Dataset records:

▬▬▬

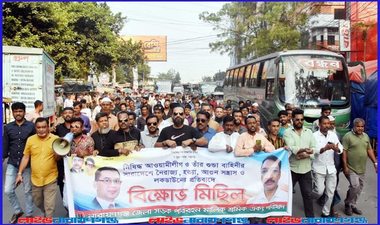 লাইভ নারায়ণগঞ্জ: আওয়ামী লীগের ডাকা ‘লকডাউন’ কর্মসূচির নামে সৃষ্ট নৈরাজ্যের প্রতিবাদে নারায়ণগঞ্জ মহানগর শ্রমিক দল ও সড়ক পরিবহন মালিক শ্রমিক ঐক্য পরিষদ রাজপথে বিক্ষোভ মিছিল করেছে। জেলা ছাত্রদলের সাবেক সভাপতি জাকির খানের নির্দেশে এই কর্মসূচি পালিত হয়।
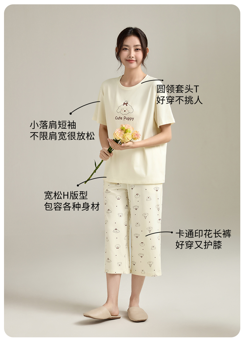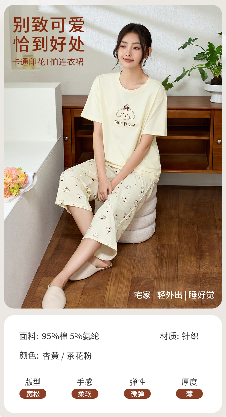 康妮雅女式短袖中裤套头套装
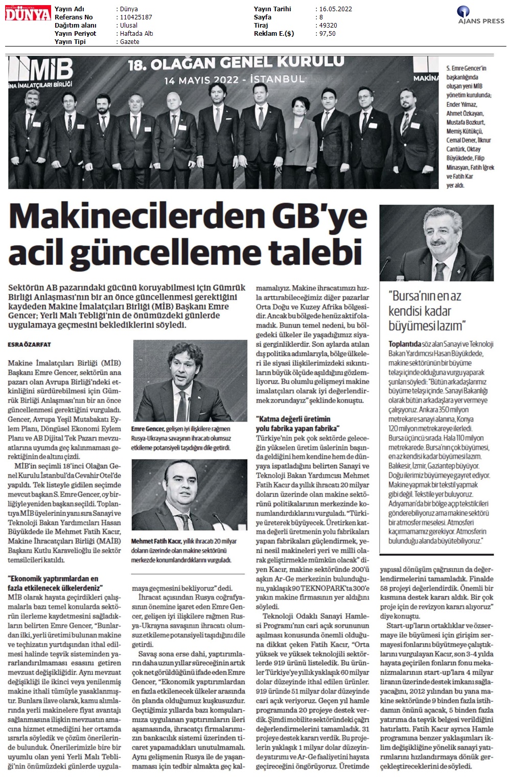 Gencer: “Zor bir dönemde çalışmalarımıza çok değerli katkılar sunan, bu dönemde nöbeti devreden Mustafa EROL ve Burç ANGAN arkadaşlarımıza teşekkür ediyoruz. Makine sanayinin bugünlere gelmesinde büyük hizmetleri geçmiş olan, HİDROMEK’in kurucusu rahmetli Hasan Basri Bozkurt’u, Durmazlar Makine’nin kurucusu rahmetli Ali Durmaz’ı ve Baykal Makine’nin kurucusu rahmetli Hakkı Baykal’ı, MİB’in kurucusu rahmetli Arslan Bekir Sanır, Sektörümüze büyük hizmetleri geçmiş olan rahmetli Cenap Eke ve son dönemde hakkın rahmetine kavuşan üyelerimiz İdris Yamantürk (Parsan), Yusuf Tekin (Cematek), Kerim Selek (Genç Değirmen), Mehmet Arslan ve Volkan Arslan’ı (Hidrolift) ve aramızdan ayrılan tüm büyüklerimizi saygı, minnet ve rahmetle anıyoruz. Makine sanayimizin, atölyelerden modern üretim tesislerine uzanan yolculuğunda, özveri ve gayretle çalışarak bugünkü konumuna taşıyan; DURMAZLAR Makine’nin kurucusu Sayın Hüseyin Durmaz’a, SİMGE Grubu kurucusu Sayın Nezir Gencer’e ve geçmişteki bütün öncülerimize saygı ve şükranlarımızı iletiyoruz.
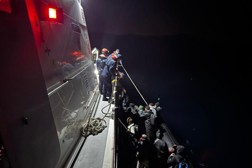 Urla ilçesi açıklarında görevli Sahil Güvenlik Gemisi ve Sahil Güvenlik Botu tarafından tespit edilen hareketli lastik bot durduruldu.
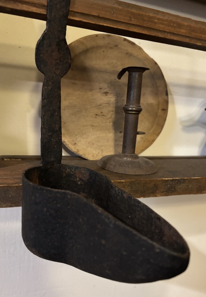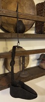 Rare large 18th century wrought iron fat lamp. Rounded bottom of pan so can only be hung. Measures 17" long from tip of hook to bottom of pan, pan is 2 3/4" wide, 5 3/4" deep, 2 1/2" high.
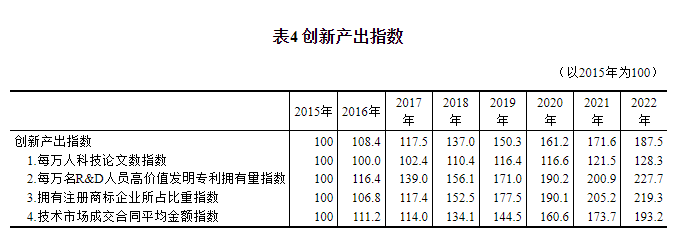 四、創新產出大幅增加 “創新產出”領域包括每萬人科技論文數、每萬名R&D人員高價值發明專利擁有量、擁有註冊商標企業所佔比重、技術市場成交合同平均金額等4個指標。 以2015年為100,2022年中國創新產出指數為187.5,年均增長9.4%。分指標看,每萬名R&D人員高價值發明專利擁有量指數、擁有註冊商標企業所佔比重指數實現大幅提升,年均增速分別達12.5%和11.9%,2022年指數值分別為227.7和219.3,在全部18個指標中位列第二和第三;技術市場成交合同平均金額指數增長也較快,年均增速為9.9%,2022年指數值為193.2;每萬人科技論文數指數年均增速為3.6%,2022年指數值為128.3(詳見表4)。
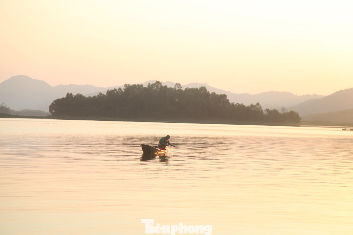 Trời se lạnh, mặt hồ phẳng lặng, ngư dân đưa thuyền ra giữa lòng hồ Cấm Sơn để săn cá
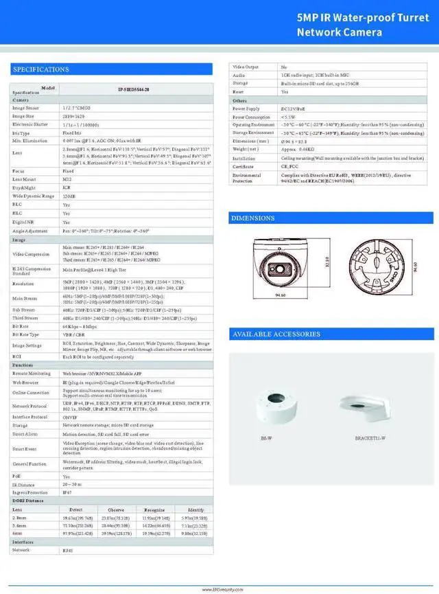 Support three streams, H.265+ /H.265 /H.264+/H.264/MJPEG coding, Max. resolution: 5MP (2880 1620)

▬▬▬

» **INSTRUCTIONS FOR THE TASK**
Output the lines of the data exactly, starting at the first and ending with the line that has "康妮雅女式短袖中裤套头套装". Pictures are not part of it.

» **REPLY TO THE EXERCISE**
 লাইভ নারায়ণগঞ্জ: আওয়ামী লীগের ডাকা ‘লকডাউন’ কর্মসূচির নামে সৃষ্ট নৈরাজ্যের প্রতিবাদে নারায়ণগঞ্জ মহানগর শ্রমিক দল ও সড়ক পরিবহন মালিক শ্রমিক ঐক্য পরিষদ রাজপথে বিক্ষোভ মিছিল করেছে। জেলা ছাত্রদলের সাবেক সভাপতি জাকির খানের নির্দেশে এই কর্মসূচি পালিত হয়।
 康妮雅女式短袖中裤套头套装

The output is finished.